For Epic, that means being transparent about how its mortality model works and ensuring it does not exacerbate disparities. For Omada, it means maintaining the quality of coaching as it scales. For the rest of us, it means staying informed and asking hard questions. Health tech is not inherently good or bad; it depends on how it is designed and deployed. As these tools become more integrated into care, patients and providers must have a seat at the table.

What to Watch Next

  • Whether Epic releases validation data for its mortality model, including performance across different demographic groups.
  • How Omada integrates new conditions without diluting its core behavior change methodology.
  • Regulatory developments, particularly around AI transparency and accountability in health care.
  • Adoption rates among clinicians and patients, which will ultimately determine the impact of these technologies.

Frequently Asked Questions

What is Epic's mortality prediction model used for?

It is designed to help clinicians identify patients at high risk of death within a certain period, prompting earlier discussions about goals of care, palliative care, and advance directives. It is not meant to be a definitive prognosis but a tool to support clinical judgment.

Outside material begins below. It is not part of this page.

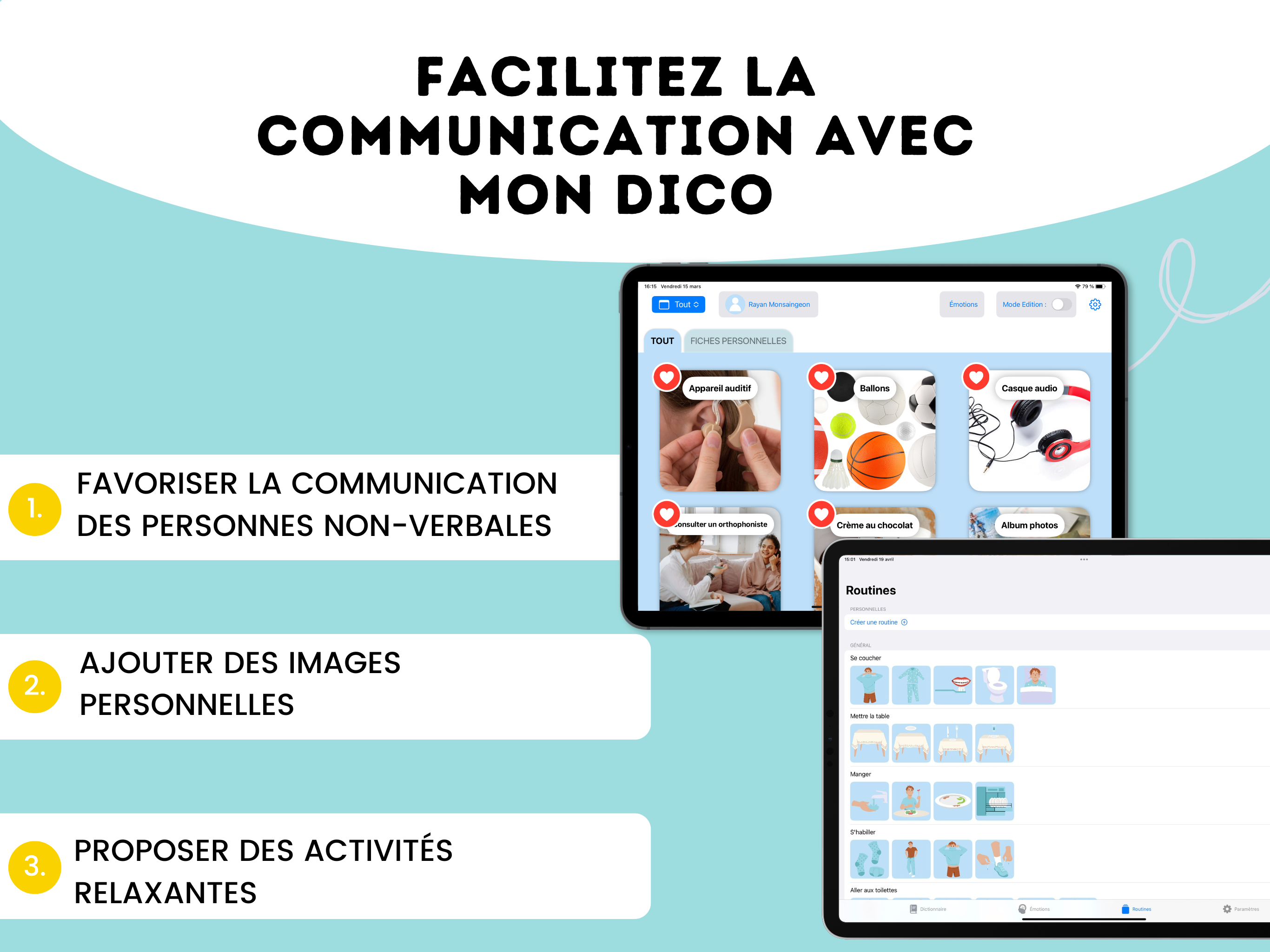 L’application Mon Dico de DYNSEO peut aider l’enfant à exprimer son besoin d’aller dans son coin calme. Avec des images réelles, il peut communiquer « j’ai besoin de calme », « je veux aller dans mon coin », « c’est trop pour moi ». Cette communication facilite l’utilisation autonome du coin calme et réduit la frustration de ne pas pouvoir exprimer ses besoins. Découvrez Mon Dico.

Is Omada Health only for diabetes prevention?

No. Omada Health started with a diabetes prevention program but is expanding into hypertension, musculoskeletal health, and behavioral health. The goal is to provide a comprehensive platform for managing multiple chronic conditions.

How accurate are mortality prediction algorithms?

Accuracy varies widely depending on the population and the data used. They can be useful for identifying broad trends but are not reliable for individual predictions. They should always be used in conjunction with clinical expertise and patient preferences.

What are the risks of using AI in geriatric care?

Risks include bias in the training data, over-reliance on scores that may not capture a patient's full picture, and potential for rationing care. Ethical implementation requires transparency, validation, and a focus on augmenting rather than replacing human decision-making.

Will Omada's expansion lead to better outcomes for patients?

It has the potential to, if the company maintains clinical rigor and personalization. However, scaling digital health programs is challenging, and success will depend on evidence, user engagement, and payer support.